Parboti, now 33, sacrificed nearly half a decade of her life to earn her degree and simultaneously manage household and keeping her husband pleased. But the sudden turn of events has left her devastated. “There are many women like me who suffer silently at the hands of insecure husbands and inconsiderate in-laws”, rued the woebegone humanities graduate.

Misfortune, it seems, has been a constant companion of Parboti. To provide for her ill father’s medications, she had to drop out of class 10 despite being a brilliant student. Her aspirations took a further beating when her conservative parents and relatives made her marry a man whose family was plagued by poverty, much against her wishes, and who himself had dropped out of the school after finishing his class 11.

After marriage she realized, her husband had to also fund his brother’s studies apart from supporting his parents and her. It was under these circumstances that her husband suggested that she take up an evening bachelors course to be able to supplement the family income. She was reluctant to accept the idea, but took up the challenge as she thought it was the best thing to do under the given circumstance as her husband had become more insistent. To be able to pay her fee and buy her books she had to borrow money from her already burdened parents, but as the demand was from their son-in-law, they had complied.

After all the toil she finally successfully completed her course and clinched a job at a private firm. Parboti said she had hoped for a more comfortable and happier life after she had secured the job. Her husband, however, did not retain the same enthusiasm any longer, as she painfully found out. He allegedly picked up arguments over minor issues as he was jealous of her for earning more than himself, said she.

Her husband also grew increasingly suspicious of her. Initially, he did not speak much about it, but later she sensed his suspicions had grown stronger. The suspicions, she claimed, were totally unfounded and just a product of his insecure mind’s imagination. However, she did not counter him and maintained a dignified silence in the hope that her pacifist attitude would let things get normal.

But they didn’t. Instead, the situation kept on worsening. She was left with no option, but to file for a divorce last month. The court has directed the couple to try mediation.

The husband however says that he and his parents were very supportive, and in fact that despite his meager income he had financed Parboti’s education on her insistence.

He added that Parboti’s success had “gone to her head” and that is why she had filed for the divorce.

Kindly answer this question:

Now, please read the original story: Bangalore man funds wife’s studies, gets divorce in return (click).

Now kindly answer this question:

Did your response change after reading the original story?

Dear reader,

Sorry for making you go through this. At the time of publication, I am not sure if my experiment succeeded, but I just wanted to highlight how merely changing the tone of ones language, and the amount of space given to different characters in a story our perceptions can significantly be altered. The observant reader would notice that except for changing the name of the city and the degree course, there is very little additional information I have provided. Most of the events have been kept the same.

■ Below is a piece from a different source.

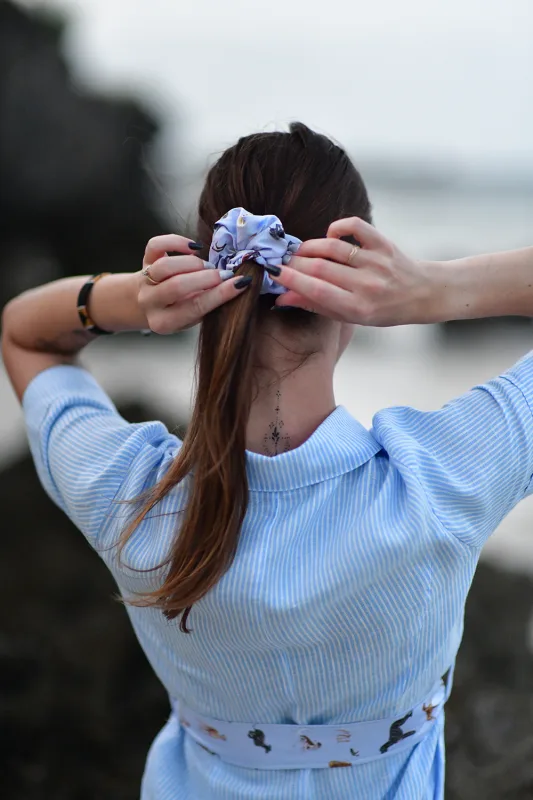Opis Satynowa gumka w charcim wzorze w kolorze błękitu. Wyjątkowo delikatna dla włosów, nie wyrywa ich, nie łamie, a jednocześnie stabilnie utrzymuje fryzurę. Świetnie wygląda również na nadgarstku. Ta ozdobna gumka do włosów w błękitnym kolorze idealnie pasuje jako dodatek do naszych t-shirtów i koszul.

The entire exercise was to demonstrate the power of the mass media. With just a clever sleight of the hand (that runs over the keyboard) perceptions can be manufactured. Plus, add to it the fact that new facts could be cooked up and none would be wiser. I obviously do not know how accurate or inaccurate the Bangalore-story is, but it could have been tilted either ways to make the reader sympathetic towards one or the other, in this particular instance, it was the husband. I hope, now onwards, the readers will read news stories more circumspectly. 🙂

Thanks for your participation!

7 thoughts on “Kolkata lady works hard to earn bachelor’s degree; husband, in-laws harass in return

  1. Pingback: Tweets that mention Kolkata lady works hard to earn bachelor’s degree; husbands, in-laws harass in return « Neglected Serendipity -- Topsy.com

  2. Dear Ketan,

    Great job this is another way of telling the people to be vigilant. Not buy into everything that the media presents, as it can be exactly opposite of facts. It take but a little effort and a different picture emerges.

    However coming back to your story I think we go on the defensive and want to be politically correct and hence holding both responsible is selected since middle path seems a safer bet.

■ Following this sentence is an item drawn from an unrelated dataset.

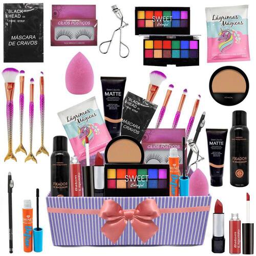 Descrição do Kit: 1 - Paleta de Sombras: Ideal para qualquer tipo de ocasião a paleta de sombras deixará seu olhar ainda mais lindo, composta com cores incríveis capazes de deixar as expressões faciais ainda mais harmoniosas.1 - Base Mate: Mantenha sua pele sempre com o acabamento uniforme e aveludado, indicada para quem quer corrigir pequenas imperfeições uniformizando a pele. 1 - Máscara de Cílios: Item Fundamental para sua maquiagem, ela alonga da volume e curva aos cílios, levantando a expressão do olhar. 1 - Esponja Tipo Gota: Espalhe de forma uniforme a base cobrindo todos os poros da pele. 1 - Par de Cílios Postiços: Eleve seu olhar a outro nível, composta por cerdas macias e uniformes, é a combinação perfeita para um lindo delineado. 1 - Batom Bastão: O Famoso Batom nunca sai de moda, totalmente prático para seu dia-a-dia, além de cuidar da saúde dos lábios enquanto realça a região com sua cor.1 - Batom Líquido: A Textura Líquida tende a ter uma durabilidade Maior, o Batom sendo líquido Preenche o contorno dos lábios com uma precisão muito maior. 1 - Lápis de Olho Preto: com o lápis de olho poderá garantir ótimos efeitos em seu olhar, poderá delinear e esfumar. 1 - Curvex: Deixar seus cílios curvadinhos nunca ficou tão fácil, com o curvex poderá deixa-los sempre uniformes, dará a impressão de ter cílios mais longos, mantendo sempre curvadinhos. 1 - Sache máscara de cravos: Com a Máscara de Cravos é possível remover os cravos da pele, além de hidratar e renovar a pele, eliminando as células mortas. 1 - Sache Lagrimas Mágicas: Pode ser Utilizado como primer ou como hidratante, feita de óleos vegetais, controla a oleosidade e aumenta a regeneração do tecido.1 - Pó Compacto: O Pó Compacto é composto de micropartículas de minerais. Geralmente é utilizado após a Sequência da Base. Garante melhor fixação da maquiagem e evita o brilho excessivo da pele; 1 - Fixador: Tem a brilhante função de fazer com que a maquiagem dure mais, deixa a pele com aspecto natural, auxilia no fechamento dos poros e suaviza as marcas de expressão; 1 - Kit com 4 Pincéis: Para atingir a Make perfeita, poderá utilizar o kit de pincéis que irão auxiliar no que for preciso para proporcionar o efeito desejado. 1 - Caixa de presente com tampa: Para ficar ainda mais completo esse lindo kit, acompanha uma linda caixa para presente com tampa, onde poderá assim presentear quem mais ama. Imagens Ilustrativas, Marcas, estampas e cores dos produtos são variadas e poderão mudar conforme reposição.

    Once the actual news report is read it leaves no room for any speculation and the right decision is reached.

    The message is clear and very well delivered. Which no reader would forget in a hurry.


  3. This was interesting, and I copied it, looked at it, forgot about it, now found it again. It’s the *way* facts are presented, for me. Regarding the headlines, for example, the first one is too sympathetic to women. You never see an actual headline like that, it sounds like a blog post. Lol. Then on to the stories:

    She claims harassment, but does this mean violence? That cited 30% sounds too low, but is she part of that, or is it irrelevant? It says the situation got worse but how much worse?
    It says he “had to” fund his brother’s studies—why? Putting his brothers before his wife makes him look like a jerk, and how could he afford to pay for both? Then it says he maneuvered her parent’s into paying for her: that would add up, but he says he paid for her, from which I conclude he is probably lying and by “paid” he means “convinced her parents to pay”. Again he looks like a jerk. Both sides claim the other picked fights, but he was he was jealous, he was suspicious—maybe so but these points have nothing to do with the money. Conclusion = a jealous, controlling husband who harasses his wife till she finally leaves him.

    In the second story, the 2nd para tells all you need to know: SIF? If they’re involved, he’s wrong, simple as that. But let’s assume the reader doesn’t know about SIF and ignore that whole paragraph.

    He paid for her school and got stiffed, ok, but he “sacrificed a decade?” “to make her an engineer?” come on, I think her own efforts made her an engineer, and his efforts are mostly aimed at crying for sympathy. “there are several others?” no shit, which has what to do with it? He’s trying to build a case for the evil wimmen conspiracy that’s to blame for all his problems. Not buying it.
    He’s paying for two brothers, yet he was more than happy to pay for her ? She was angry “because he earned less”? WTF? That could be the first time I’ve ever heard of a person complaining about that. These guys always invert the facts, so he’s true to form. Then, right on cue, he says she had affairs—totally irrelevant to the question at hand, which is a court case about money. Unless of course, he wants to paint her as a slut who deserves punishment. Then, ROFL, he “maintained a dignified silence” while she was out running around on him. !!!!! He must be the only man in the world who acted so saintly. This hardly fits with all the petty histrionics in the rest of his whine.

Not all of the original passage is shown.